The security arrangements around the weights are definitely not as strong as I would like. As Photonic points out, Anthropic is explicitly saying they wouldn’t be able to stop China or another highly resourced threat attempting to steal the weights. It’s much better to admit this than to pretend otherwise. And it’s true that Google and OpenAI also don’t have defenses that could plausibly stop a properly determined actor. I think everyone involved needs to get their acts together on this.
Also, Wyatt Walls reports they are still doing the copyright injection thing even on Opus 4, where they put a copyright instruction into the message and then remove it afterwards.
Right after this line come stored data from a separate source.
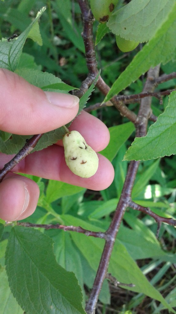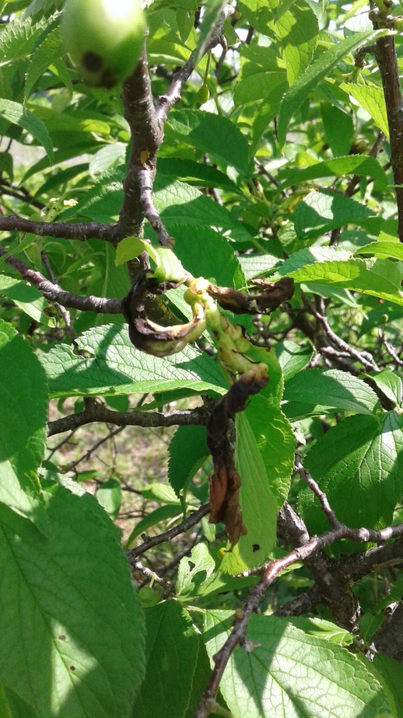 you can see the damage to the leaves and see that dark spot on the bottom of that plum.. that is the fungal infection showing itself and it will go in and cause the baby plum to grow in size and then if I let it (which I will not) it would get longer, go grey and puff out the spores to infect the tree again.
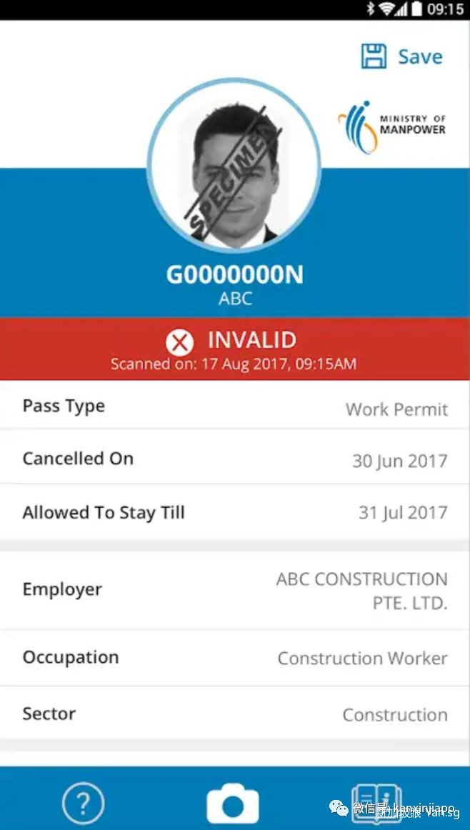 如果不幸被雇主CUT掉了工作准证,你扫描出来的结果就会显示为红色的无效。上面会清楚地显示,准证被取消的时间,还有依法可以呆在新加坡的时间。
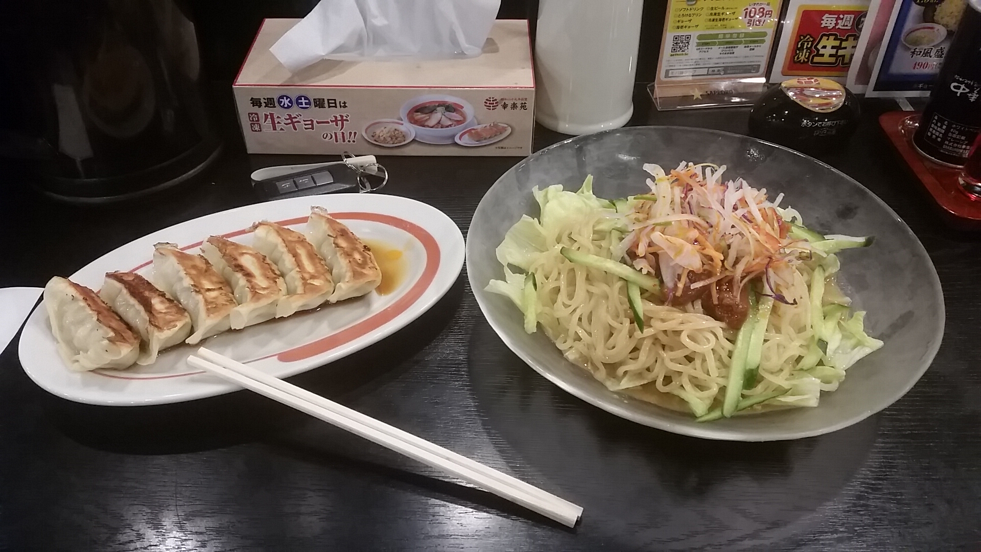 空港から自宅に帰る途中で、冷やし坦々麺と餃子を食べ、このツアーは完全終了となりました。
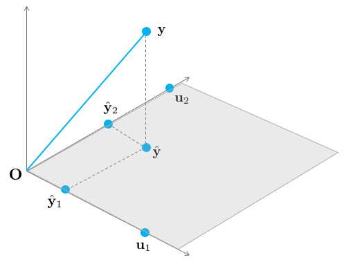 $\mathbb{R}^{n}$ 공간의 부분공간(Subspace) H는 $\mathbb{R}^{n}$의 부분집합들의 선형결합에 대해 닫혀 있는 공간을 의미한다. 즉, 두 벡터 $\mathbf{u}_{1}, \mathbf{u}_{2} \in H$일 때, 어떠한 스칼라 값 $c,d$에 대하여 $c\mathbf{u}_{1} + d \mathbf{u}_{2} \in H$일 때 H를 부분공간이라고 한다.
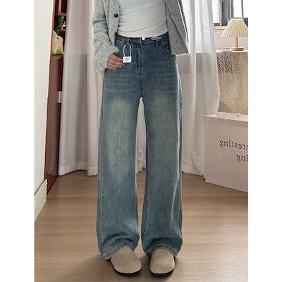 【3日以内出荷】脚長効果!デニムパンツ ヴィンテージブルー ワイドレッグジーンズ レディース 春秋新作 ハイウエスト ゆったり 大きいサイズ 薄手 洋ナシ体型 ストレートレッグ 韓国ファッション | koookooo
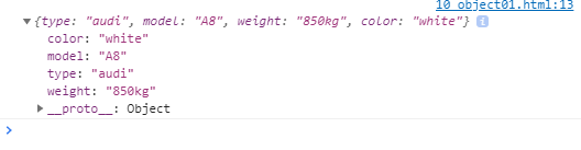 let car ={type:"audi", model:"A8", weight:"850kg",color:"white"};
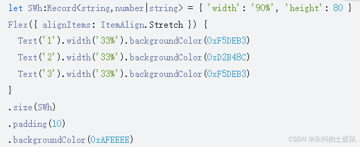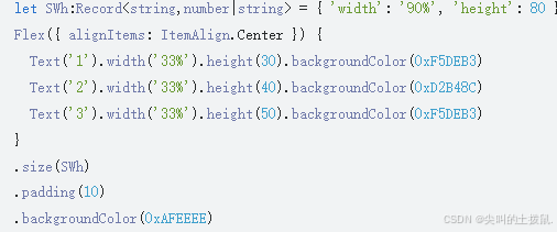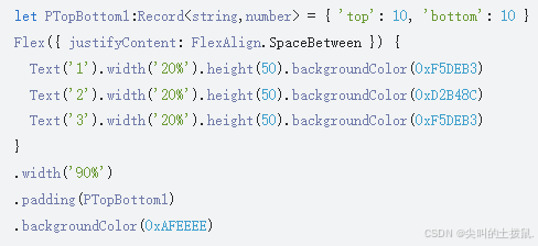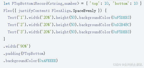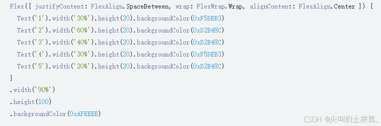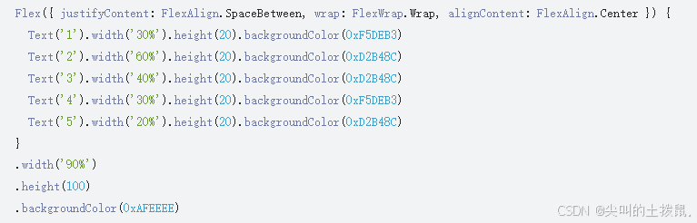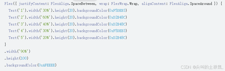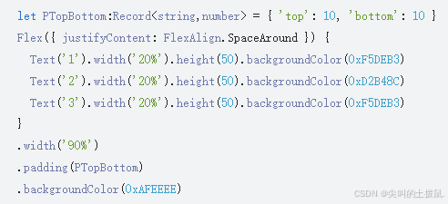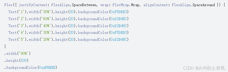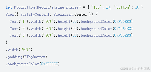 justifyContent(FlexAlign.SpaceAround):水平方向均匀分配元素,相邻元素之间距离相同。第一个元素到行首的距离和最后一个元素到行尾的距离是相邻元素之间距离的一半。

If you are going to use the Anthropic style approach to alignment, and build models like Opus, you need to actually cooperate with them, and not do things like this. I know why you’re doing it, but there has to be a better way to make it want not (want) to violate copyright like this.
Danger, And That’s Good Actually
This, for all labs (OpenAI definitely does this a lot) is the real ‘they’re not confessing, they’re bragging’ element in all this. Evaluations for dangerous capabilities are still capability evals. If your model is sufficiently dangerously capable that it needs stronger safeguards, that is indeed strong evidence that your model is highly capable.
And the fact that Anthropic did at least attempt to make a safety case – to rule out sufficiently dangerous capabilities, rather than simply report what capabilities they did find – was indeed a big deal.
Still, as Archer used to say, phrasing!